The beginnings of a uniform system of buoyage emerged in 1889, when certain countries agreed to mark the port hand side of channels with black can buoys and the starboard hand with red conical buoys. Unfortunately, when lights for buoys were introduced, some European countries placed red lights on the black port hand buoys to conform with the red lights marking the port hand side of harbour entrances, whilst throughout North America red lights were placed on the red starboard hand buoys.


Thereafter various conferences sought a single buoyage system, but without success until 1936, when a system was drawn up underthe League of Nations at Geneva. It established a Cardinal system, and a Lateral system, with the principle that red buoys should be used on the port hand and blackbuoys on the starboard hand. However, several countries were not signatories to this Convention and continued to develop their original, and opposite systems.

After World War I (1939-45) buoyage systems were re-established in North-west Europe based on the system devised by the 1936 Geneva Convention, but wide differences in interpretation of that system resulted in nine different systems coming into use in those waters.

In 1973, observing the need for urgency, a further attempt to find asingle world-wide system of buoyage was made by the Technical Committee of the International Association of Lighthouse Authorities (IALA). IALA is a non-governmental body which brings together representatives from the aids to navigation services in order to exchange information and recommend improvements to navigational aids based on the latest technology. IALA decided that agreement could not be achieved immediately, but concluded that the use of only two alternative systems was practicable by dividing the world into two Regions. It proposed a system allowing the use of both Cardinal and Lateral systems in each Region but whereas in Region A the colour red of the Lateral system is used to mark the port hand side of channels and the colour green the starboard hand side when proceeding in the conventional direction of buoyage, in Region B the colours are reversed.

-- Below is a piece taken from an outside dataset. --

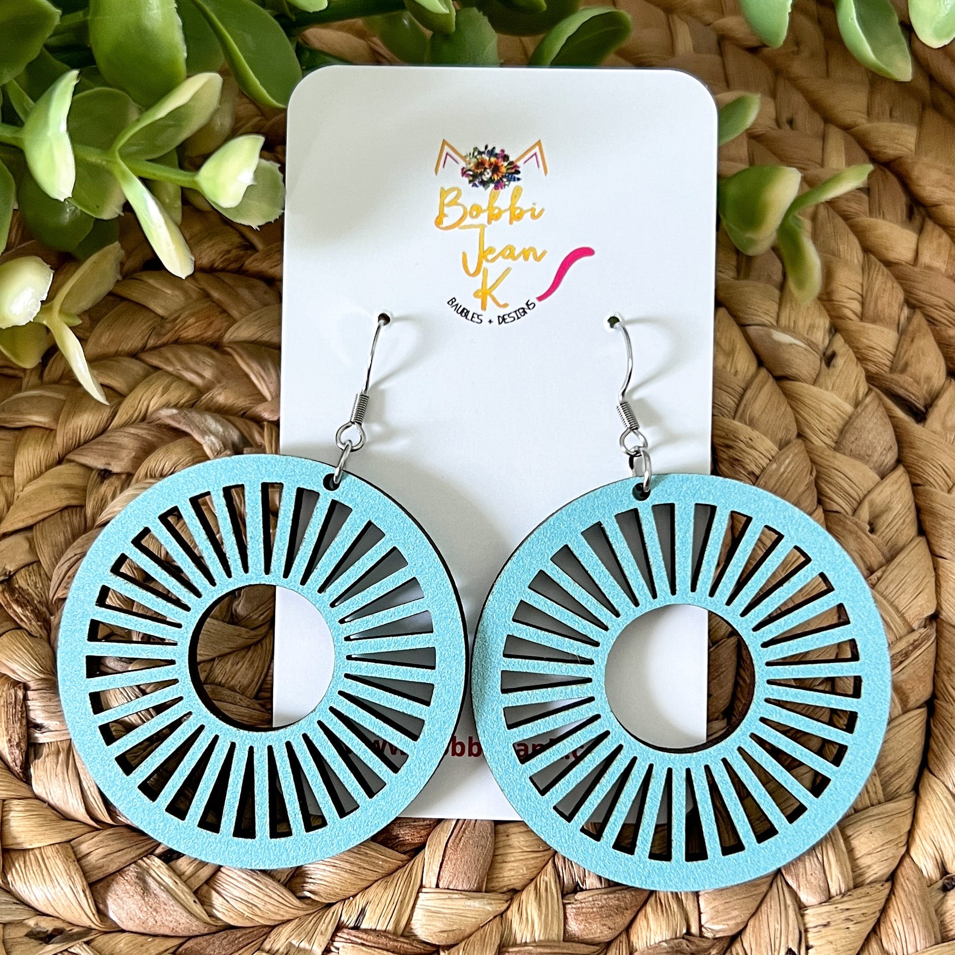 Baby Blue Wood Circle Cutout Earrings: Choose From 2 Sizes

In 1980, at a conference convened with the assistance of the Inter-Governmental Maritime Consultative Organization (IMCO), now the International Maritime Organization (IMO), and the International Hydrographic Organization (HO), the lighthouse authorities from fifty countries and the representatives of nine international organizations concerned with aids to navigation agreed to adopt the rules of the new combined system, and reached decisions on the buoyage Regions.

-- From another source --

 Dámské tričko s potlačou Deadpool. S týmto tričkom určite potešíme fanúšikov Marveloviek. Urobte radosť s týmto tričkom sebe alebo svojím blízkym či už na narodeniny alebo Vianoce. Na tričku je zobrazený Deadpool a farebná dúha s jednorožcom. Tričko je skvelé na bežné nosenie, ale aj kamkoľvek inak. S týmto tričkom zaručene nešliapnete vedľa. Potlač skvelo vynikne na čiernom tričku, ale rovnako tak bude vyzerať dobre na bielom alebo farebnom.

The IALA System has now been implemented throughout much of the world. In some parts, however, conversion to the new system is stil incomplete. An implementation diagram showing the latest position is included in the Supplement to The Mariner's Handbook.

In certain areas, such as North America and the inland waterways of Western Europe, the IALA System is used with modifications which are described in Admiraly Sailing Directions.